_YOUR TASK:_ Output each record below exactly as it stands, leaving out the pictures.

MATERIAL FOR THIS EXERCISE below:

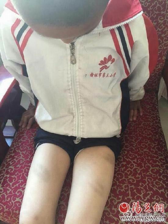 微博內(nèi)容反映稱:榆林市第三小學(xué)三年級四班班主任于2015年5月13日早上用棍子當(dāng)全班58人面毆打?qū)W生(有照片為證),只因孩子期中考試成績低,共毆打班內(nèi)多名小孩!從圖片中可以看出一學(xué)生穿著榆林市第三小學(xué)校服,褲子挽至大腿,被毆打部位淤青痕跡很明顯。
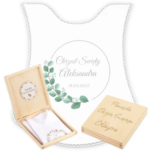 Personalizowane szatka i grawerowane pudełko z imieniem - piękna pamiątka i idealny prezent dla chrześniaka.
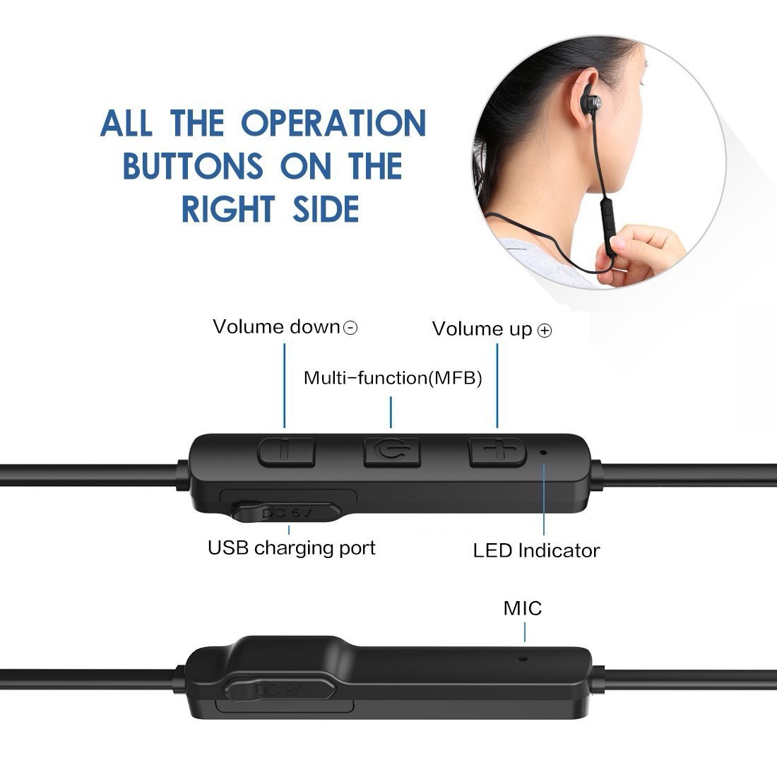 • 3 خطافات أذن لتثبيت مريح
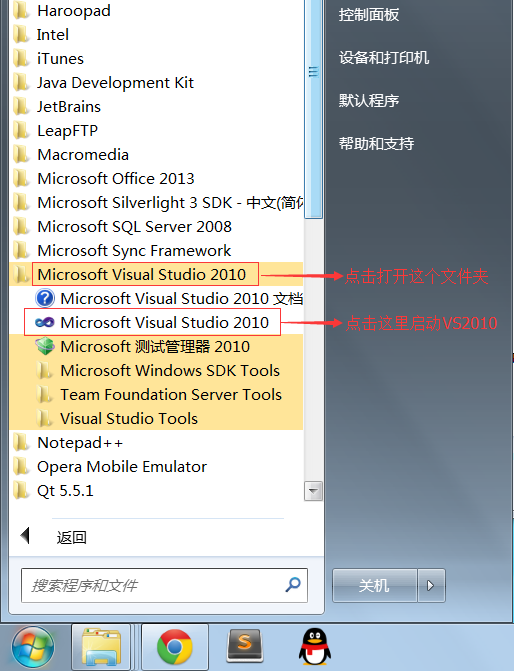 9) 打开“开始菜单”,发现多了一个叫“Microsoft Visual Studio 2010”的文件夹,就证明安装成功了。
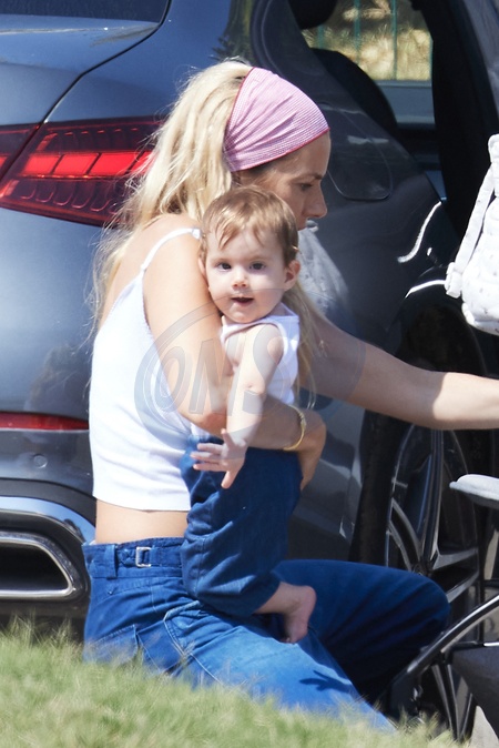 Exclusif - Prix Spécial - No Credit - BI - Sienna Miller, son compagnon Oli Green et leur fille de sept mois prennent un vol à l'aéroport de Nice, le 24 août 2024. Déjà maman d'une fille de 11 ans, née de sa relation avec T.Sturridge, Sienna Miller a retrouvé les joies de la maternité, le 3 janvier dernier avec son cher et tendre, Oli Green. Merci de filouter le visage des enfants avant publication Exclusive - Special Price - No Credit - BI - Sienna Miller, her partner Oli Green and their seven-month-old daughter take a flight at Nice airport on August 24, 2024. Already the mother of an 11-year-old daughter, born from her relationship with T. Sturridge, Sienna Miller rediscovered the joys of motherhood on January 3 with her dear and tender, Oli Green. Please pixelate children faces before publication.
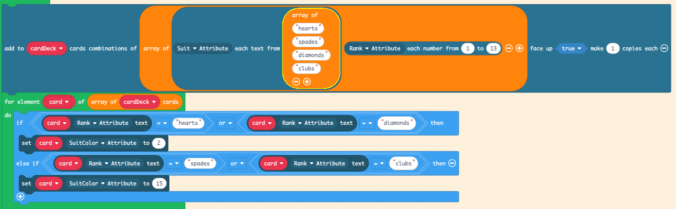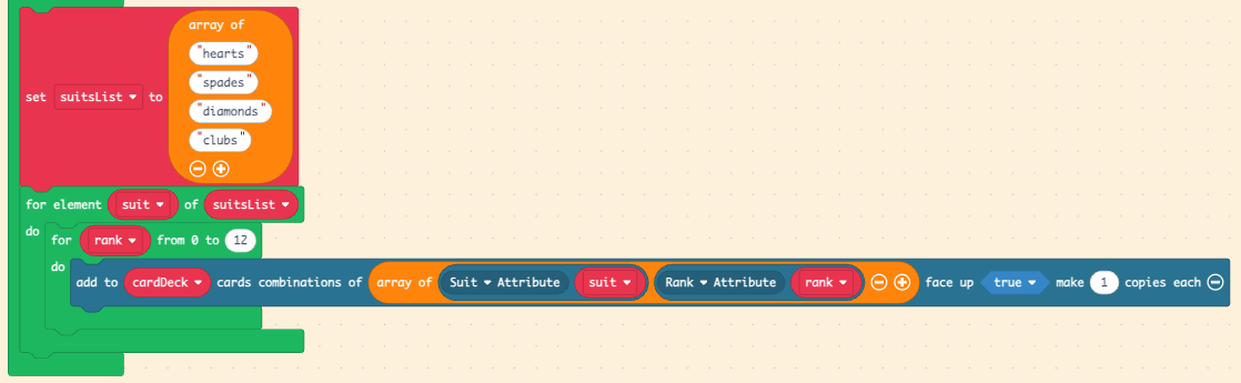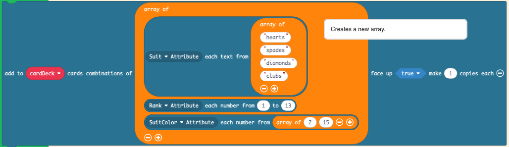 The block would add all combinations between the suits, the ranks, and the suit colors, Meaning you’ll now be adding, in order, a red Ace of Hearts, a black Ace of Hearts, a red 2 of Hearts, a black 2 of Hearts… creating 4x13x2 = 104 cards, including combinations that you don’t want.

End of MATERIAL FOR THIS EXERCISE.

_ANSWER AREA:_
 微博內(nèi)容反映稱:榆林市第三小學(xué)三年級四班班主任于2015年5月13日早上用棍子當(dāng)全班58人面毆打?qū)W生(有照片為證),只因孩子期中考試成績低,共毆打班內(nèi)多名小孩!從圖片中可以看出一學(xué)生穿著榆林市第三小學(xué)校服,褲子挽至大腿,被毆打部位淤青痕跡很明顯。
 Personalizowane szatka i grawerowane pudełko z imieniem - piękna pamiątka i idealny prezent dla chrześniaka.
 • 3 خطافات أذن لتثبيت مريح
 9) 打开“开始菜单”,发现多了一个叫“Microsoft Visual Studio 2010”的文件夹,就证明安装成功了。
 Exclusif - Prix Spécial - No Credit - BI - Sienna Miller, son compagnon Oli Green et leur fille de sept mois prennent un vol à l'aéroport de Nice, le 24 août 2024. Déjà maman d'une fille de 11 ans, née de sa relation avec T.Sturridge, Sienna Miller a retrouvé les joies de la maternité, le 3 janvier dernier avec son cher et tendre, Oli Green. Merci de filouter le visage des enfants avant publication Exclusive - Special Price - No Credit - BI - Sienna Miller, her partner Oli Green and their seven-month-old daughter take a flight at Nice airport on August 24, 2024. Already the mother of an 11-year-old daughter, born from her relationship with T. Sturridge, Sienna Miller rediscovered the joys of motherhood on January 3 with her dear and tender, Oli Green. Please pixelate children faces before publication.
 The block would add all combinations between the suits, the ranks, and the suit colors, Meaning you’ll now be adding, in order, a red Ace of Hearts, a black Ace of Hearts, a red 2 of Hearts, a black 2 of Hearts… creating 4x13x2 = 104 cards, including combinations that you don’t want.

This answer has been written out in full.